I am the administrator of the bulletin board and apparently the efforts to maintain unique content (TBD is a topic of a separate tip) are not in vain because I noticed a bad tendency to rob ads through an RSS feed, analysis of the site’s html pages, i.e. content gray personalities like.
As SEO-shniki know, such duplication of content can negatively affect the ranking of a site because someone else’s site may be re-indexed first and therefore will be the only one revalant in the search results.

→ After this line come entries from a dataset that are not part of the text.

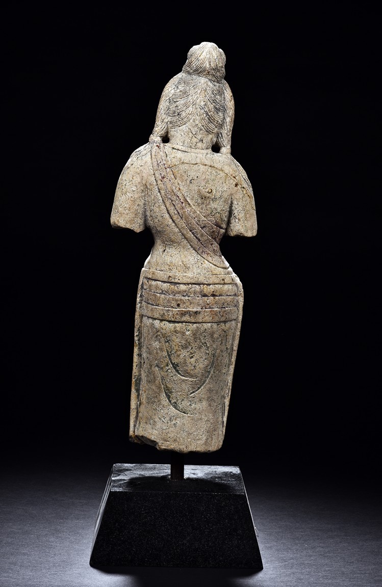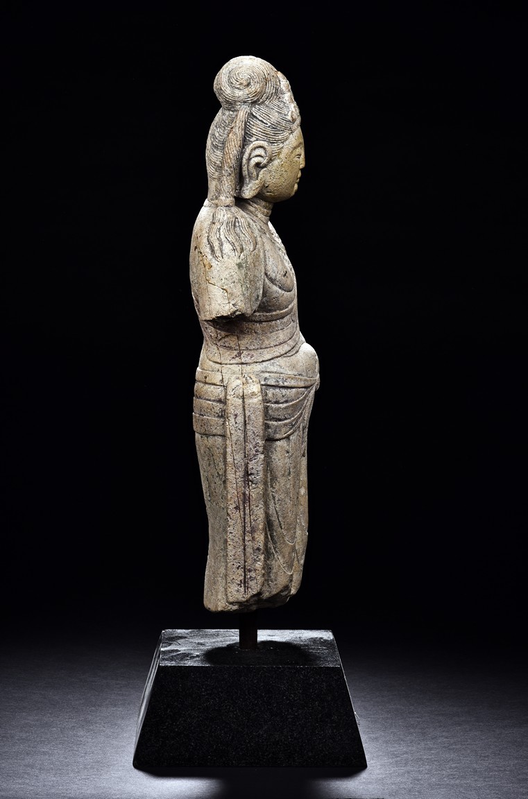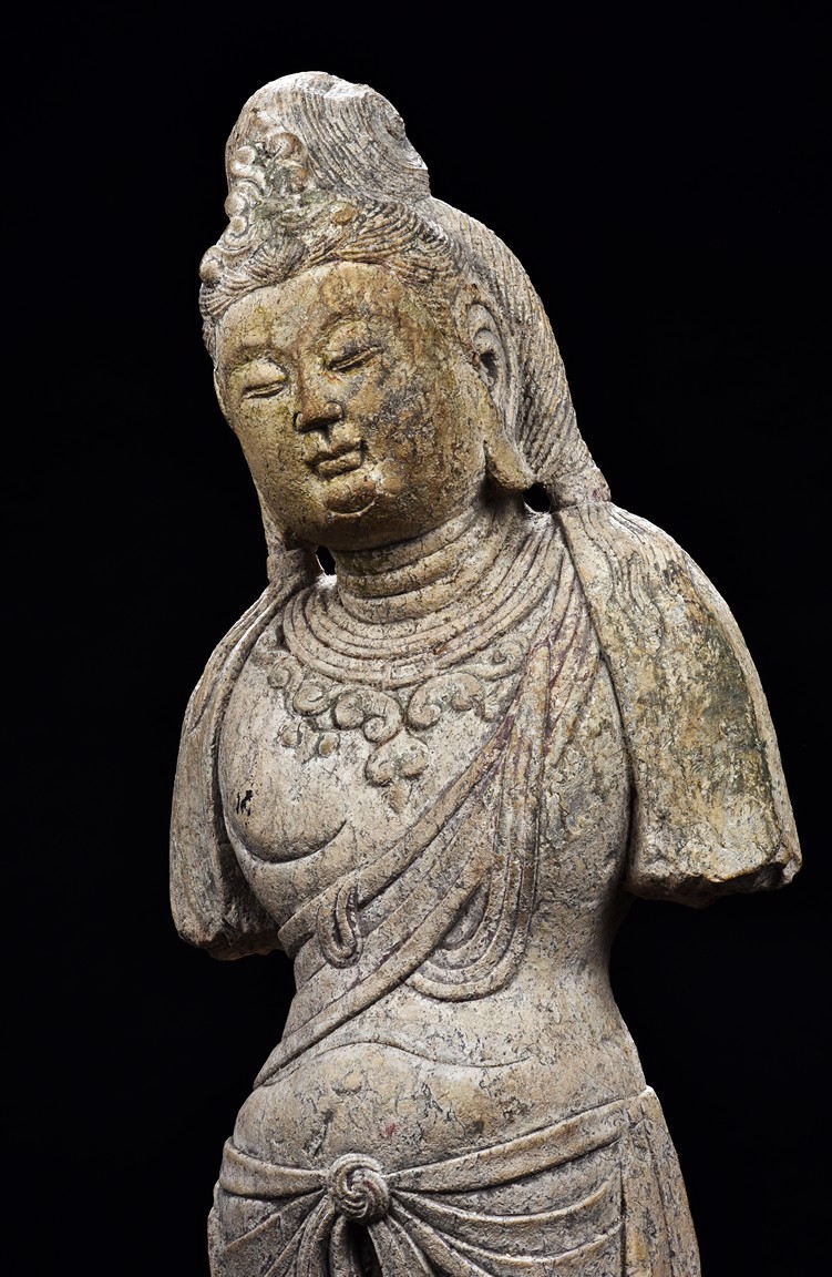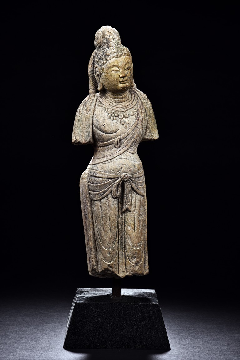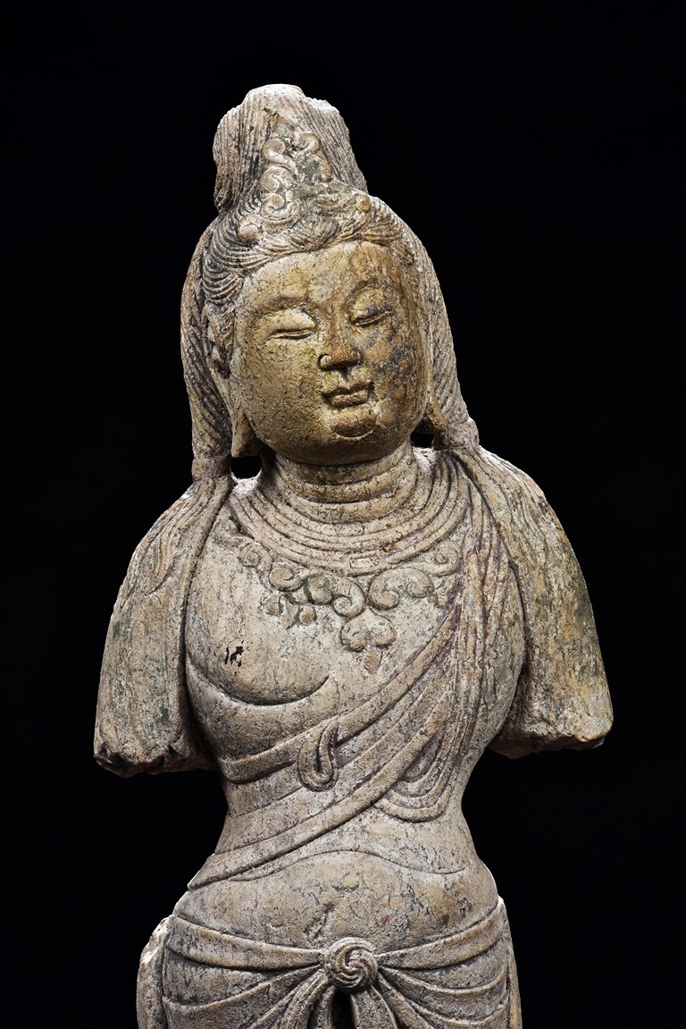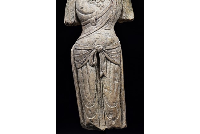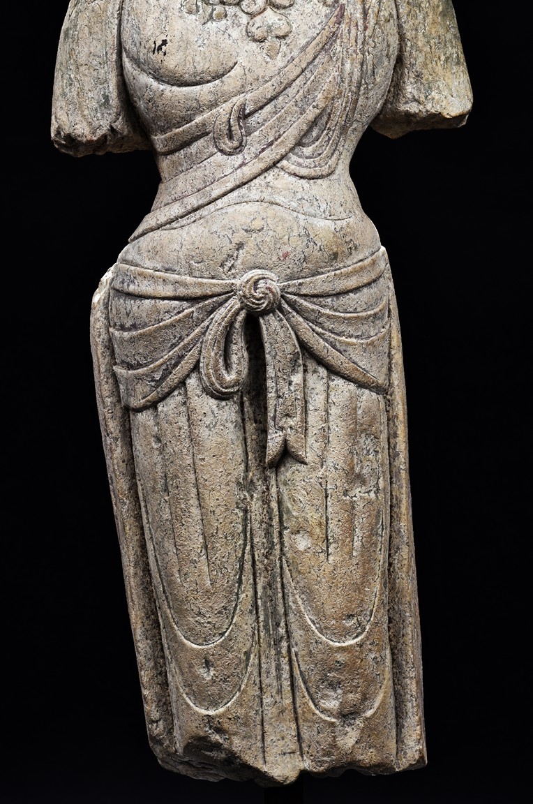 The bodhisattva is shown wearing robe elegantly draped over left shoulder, revealing the adorned chest, the tight fitting dhoti falling towards feet, the face shown with benevolent expression, the head surmounted with topknot, hands and feets missing. Tang Dynasty or later.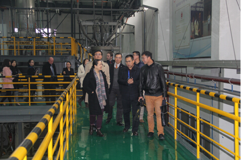 王有治總裁陪同考察團參觀自動化生產線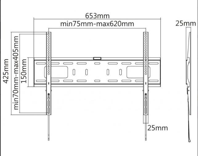 Nástěnný ocelový držák na Plasma a LCD TV s uhlopříčkou 37"- 70" (94-178cm) a hmotností maximálně 50kg. Konzole na zavěšení TV s vodováhou, není vertikálně výklopný, vzdálenost od stěny 25mm, materiál ocel, cenově výhodné, barva černá. Uchycení VESA: 200x200, 400x200, 300x300, 400x400, 600x400..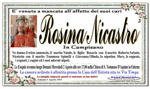 Ne danno il triste annuncio, il marito Natale, le figlie: Rosaria con il marito Roberto Sabato, Nicoletta con il marito Tommaso Spinelli e Giovanna Olinda, la nipotina Mary, le cognate, i cognati, i cugini ed i suoi adorati nipoti.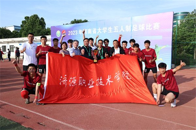 中新河南網(wǎng)5月25日電(李金鐘) 5月16-22日,2023年河南省大學(xué)生五人制足球比賽在黃河科技學(xué)院舉行。比賽中濟(jì)源職業(yè)技術(shù)學(xué)院隊(duì)員始終以飽滿的激情、昂揚(yáng)的斗志、堅(jiān)強(qiáng)的毅力全力以赴對(duì)待每一場(chǎng)比賽,經(jīng)過6輪的激烈角逐,最終在23支參賽隊(duì)伍中脫穎而出,榮獲河南省五人制足球?qū)?颇凶蛹捉M冠軍,創(chuàng)造了濟(jì)源職業(yè)技術(shù)學(xué)院歷史以來三大球項(xiàng)目的最佳戰(zhàn)績(jī),同時(shí)也創(chuàng)造了濟(jì)源男子足球參加河南省各項(xiàng)賽事的最佳戰(zhàn)績(jī)。為濟(jì)源職業(yè)技術(shù)學(xué)院建校三十周年獻(xiàn)上了一份厚禮。趙慶輝獲得優(yōu)秀教練員,隊(duì)員趙杰、吉浩杰獲得優(yōu)秀運(yùn)動(dòng)員。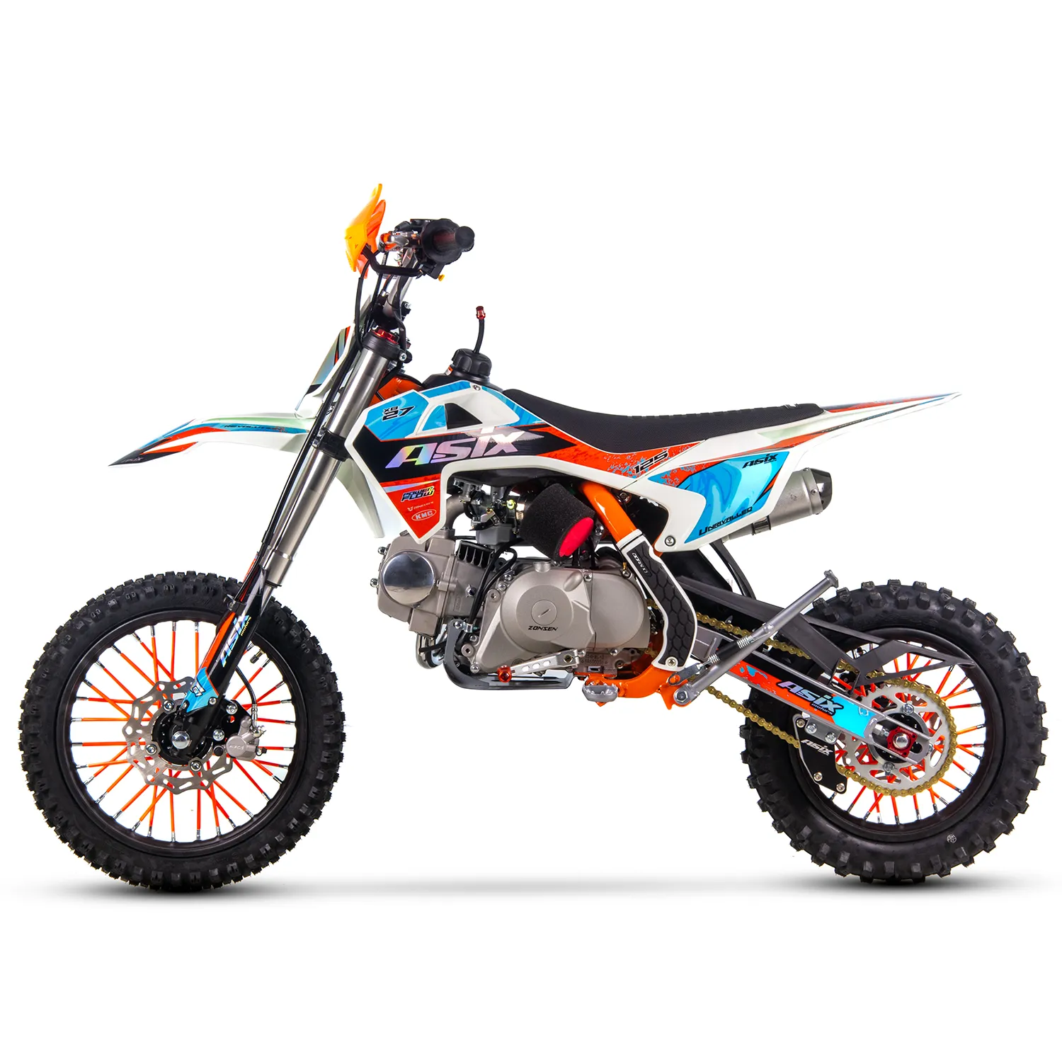 Motocicleta Enduro/Cross Asix XB27 A1, 125cc, 4T, roti 14"/12", pornire electromotor, culoare portocaliu/albastru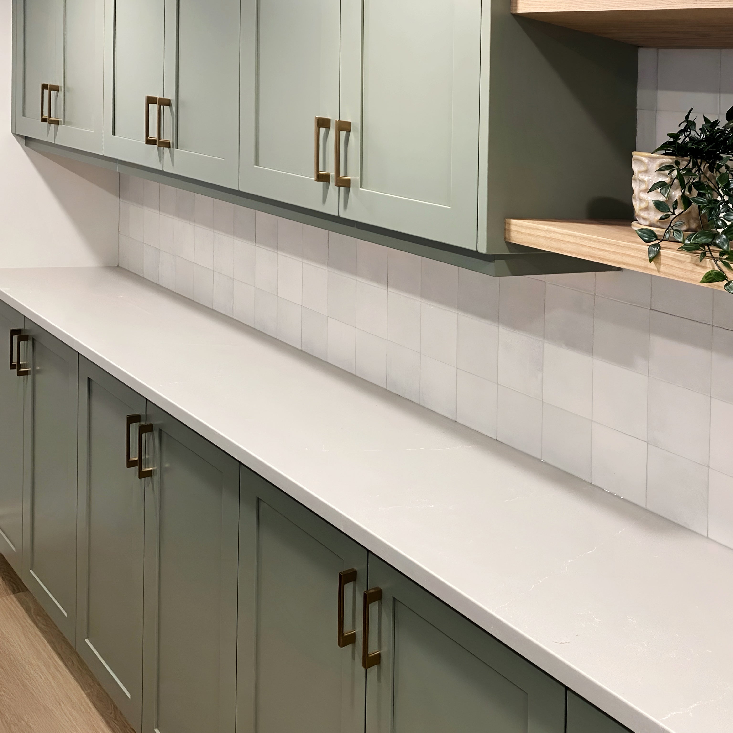 Introducing nature's palette with this earthy green and taupe hue cabinetry.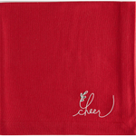 Celebrate the season with the Holiday "Cheer" Red Sentiment Cloth Napkin, a refined addition to your festive table. Crafted from high-quality fabric, its vibrant red hue and elegant "Cheer" script bring warmth and sophistication to holiday gatherings. Designed to blend durability with a soft, luxurious feel, this napkin enhances every place setting with timeless holiday charm.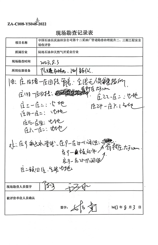 中國石油長慶油田分公司第十二采油廠管道隱患治理提升二、三期工程安全驗收評價報告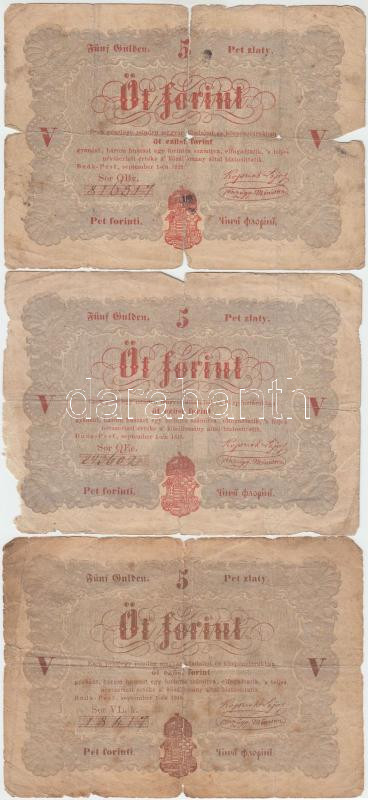 1848. 5Ft "Kossuth bankó" vörösesbarna, barna (3x) + 1849. 3... https://www.darabanth.com/hu/260-Gyorsarveres/260.0/Numizmatika/Magyar-bankjegyek~300006/1848-5Ft-Kossuth-banko-vorosesbarna-barna-3x-plus-1849-30kr-Kossuth-banko-2x-TIII-III-~II1283184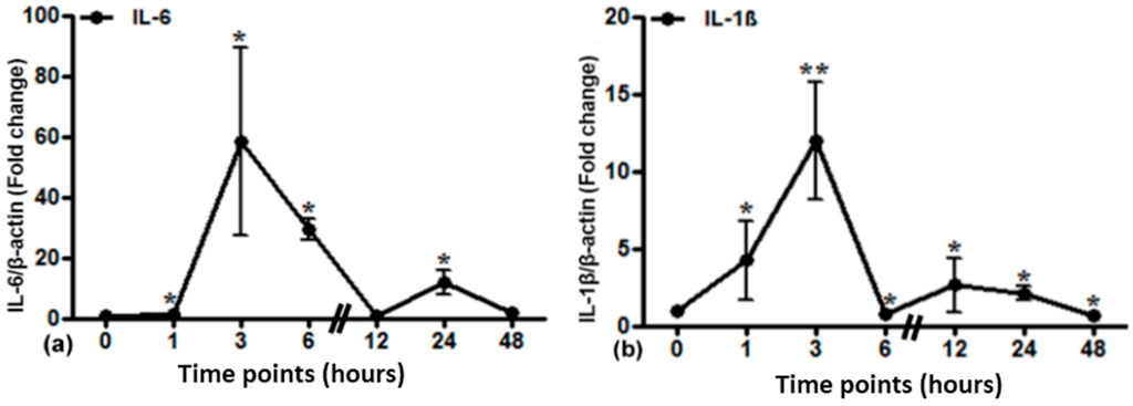 Fold change of mRNA expression of Lipocalin2 (LCN2) in irradiated lung tissue at time points from 1 to 48 h. Data are given relative to normal sham irradiated control rats (a). The results were normalized to the housekeeping gene β-actin, experimental errors are shown as ±SEM (* p ≤ 0.05, ** p ≤ 0.005, n = 3). Ct values are depicted in (b).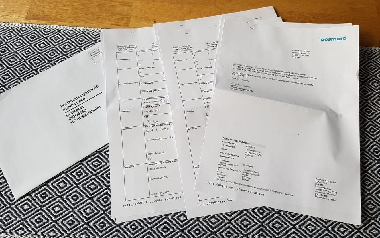 Mikael berättar han vid nästa steg blev tvungen att kontakta återförsäljaren i Tyskland. Hos det tyska företaget fick han svaret att de inte kunde göra något då paketens status i systemen fortfarande låg som att det var på väg för att levereras till honom, ett besked som ledde fram till ett nytt samtal till Postnord för Mikael Hjörnhede.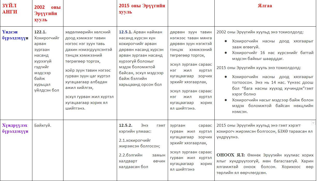 Иймэрхүү ялгаа бийг анзаарч, харцгаахыг хүсч байна. Эрүүгийн хуулийг энд дарж харна уу. Дурдаагүй зүйлс бий шүү.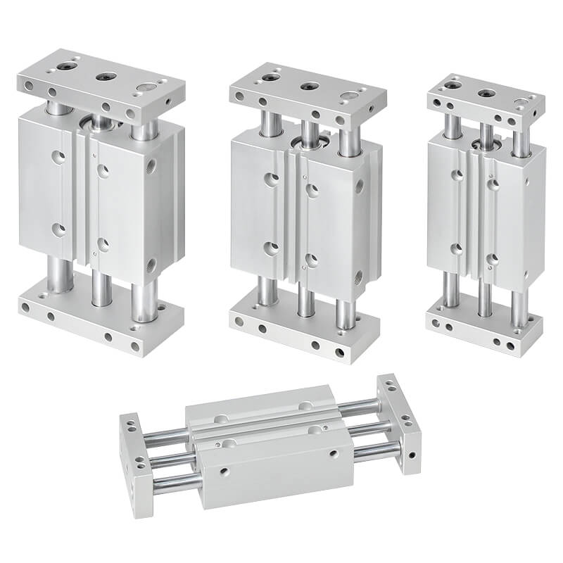 MCGD 氣缸內徑: φ 12, 16, 20, 25, 32 (mm),客戶設計使用時,可作「連接塊固定」或「本體固定」兩種方式安裝。配置四個埋入式溝槽,方便安裝傳感器。 依使用時的精度需求,在導桿軸承部設計有「平滑動軸承」、「線性滾珠軸承」兩種。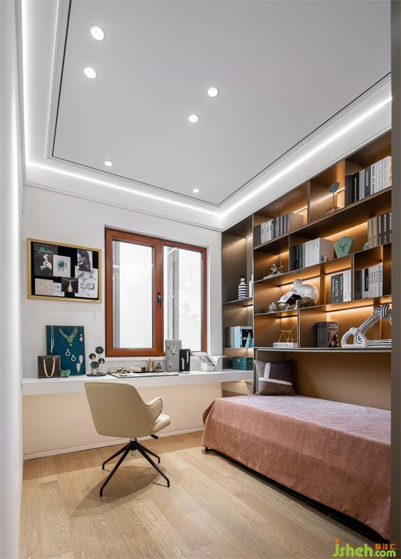 女主人是一名珠寶設(shè)計(jì)師,書房以人物的特性來進(jìn)行軟裝塑造,設(shè)計(jì)珠寶的手稿、珠寶成品展示、珠寶書籍等都是體現(xiàn)女主人的職業(yè)特性,同時(shí)也體現(xiàn)了女主人對(duì)生活高品質(zhì)的追求,以及潮流時(shí)尚的生活態(tài)度。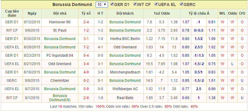 5 trận gần nhất của Dormund tại Europa League có ít nhất 2.5 bàn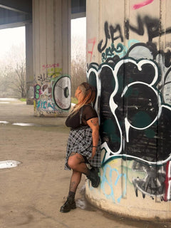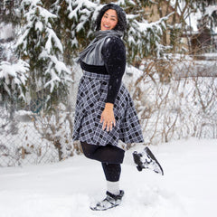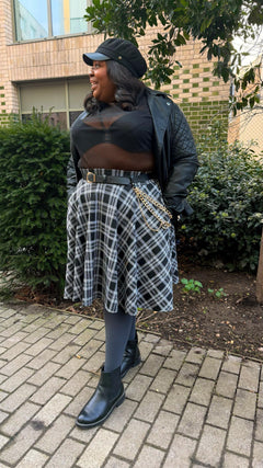 It is smooth, cosy and flows with your movement instead of clinging, giving you that perfect twirl moment whether you are heading out for the day or just spinning because it feels good. The Cairn colourway features a deep black base with clean white and grey stripe tartan plaid for sharp, minimal vibes.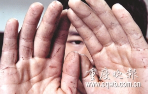 昨日,記者細(xì)數(shù)小志雙手傷口,多達(dá)26道,遍及手掌、手背和手指,最長的有四五厘米。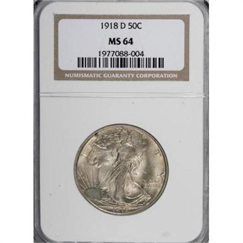 <B>1918-D 50C MS64 NGC.</B></I> Beginning in 1918 and continuing for almost 10 years, the Denver mint had a practice of lengthening die life by setting the dies further apart than optimal. This undoubtedly worked, but the resultant coins almost universally lack highpoint definition. That is the case for the 1918-D half also; however, this particular piece shows uncharacteristically strong central details. The mint luster is strong and frosted, and each side shows just the slightest accent of light golden-rose color. <BR><BR><B>Coin Engraver:</B> Adolph A. Weinman<BR><BR><b>Shipping:</b> Coins & Currency (<a target="_blank" href="http://www.heritageauctions.com/common/shipping.php">view shipping information</a>)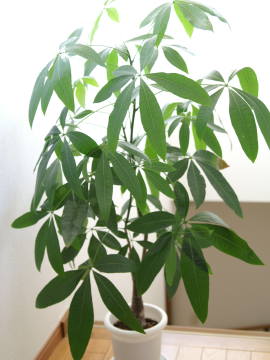 パキラの育て方置き場所日当たりを好むので、日当たりのよい所でよく育ちます。しかし、夏の日差しは強すぎるので、強い日差しは避けて育てます。耐陰性があるので日陰でも育ちますが、日照が不足すると節と節の間が開いて間延びしやすいので、窓辺などのできるだけ明るい所で育てます。熱帯の植物で冬の耐寒性がないので、戸外に出しているものは秋の最低気温が15度を下回ったら、室内へ取り入れます。冬は最低温度5℃以上で、明るくできるだけ暖房の効いた暖かい室内で育てます。その他は観葉植物の置き場所をご覧下さい。
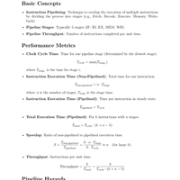 Formula sheet: Instruction Pipelining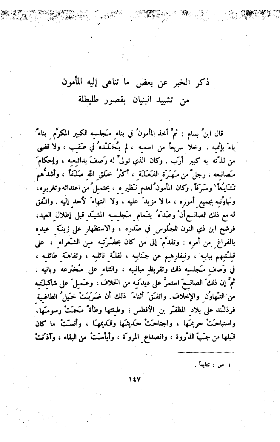 قال ابن بسام: ثم أخذ المأمون في بناء مجلسه الكبير المكرم بناءً باء بإثمه، وخلا سريعاً من اسمه، لم يخلده في عقب، ولا قضى من لذته به كبير أرب، وكان الذي تولى له رصف بدائعه، وإحكام مصانعه، رجل من مهرة الفعلة، أكثر خلق الله صلفاً، وأشدهم تتايعا وسرفاً. وكان المأمون لعدم نظيره، يحتمل من اعتدائه وتغيريه، وتهاونه بجميع أموره، ما لا مزيد عليه، ولا انتهاء لأحد إليه. واتفق له مع ذلك الصانع أن وعده بتمام مجلسه المشيد قبل إطلال العيد، فرشح ابن ذي النون للجلوس في صدره، والاستظهار على زينة عيده بالفراغ من أمره، وتقدم إلى من كان بحضرته من الشعراء، على قلتهم ببابه، ونفارهم عن جنابه، لقلة نائله، وتفاهة طائله، في وصف مجلسه ذلك وتقريظ مبانيه، والثناء على مخترعه وبانيه، ثم إن ذلك الصانع استمر على ديدنه من الخلاف، وعمل على شاكلته من التهاون والإخلاف. واتفق أثناء ذلك أن ضربت خيل الطاغية فرذلند على بلاد المظفر بن الأفطس؛ وطئتها وطأة محت رسومها، واستباحت حريمها، واجتاحت حديثها وقديمها، وأنست ما كان قبلها من جب الذروة، وانصداع المروة، وأيأست من البقاء، وآذنت

The first and effective method of struggle is to ping the IP site that steals the content and block it, which helped only the first time. But sometimes I just didn’t have enough time to identify thieves, and some sites began to add the use of proxy servers.
')
As a real programmer, I began to look for an automated solution and quickly found it. It is enough to remember that one of the most important differences between a web server and a user's computer on the Internet is that the server has open ports served by HTTP / SMTP / POP servers. Those. if you do not allow copying of content from IP with open ports, it will be a good obstacle.
To begin to identify gray personalities and their sites turned out to be enough of this PHP code:
//$ip – $_SERVER["REMOTE_ADDR"] $_SERVER["HTTP_X_FORWARDED_FOR"]
$fp = @fsockopen($ip, 80, $errno, $errstr, 1);
if( $fp !== FALSE )
{
// , IP HTTP- ..
}
It should be noted that the HTTP_X_FORWARDED_FOR field is set if the user goes through a normal proxy. But this field can be fake, so you need to check the IP specified in HTTP_X_FORWARDED_FOR, and in REMOTE_ADDR.
Since the session board is set for each visitor on the notice board, the check was performed only on the 2nd hit for each unique IP.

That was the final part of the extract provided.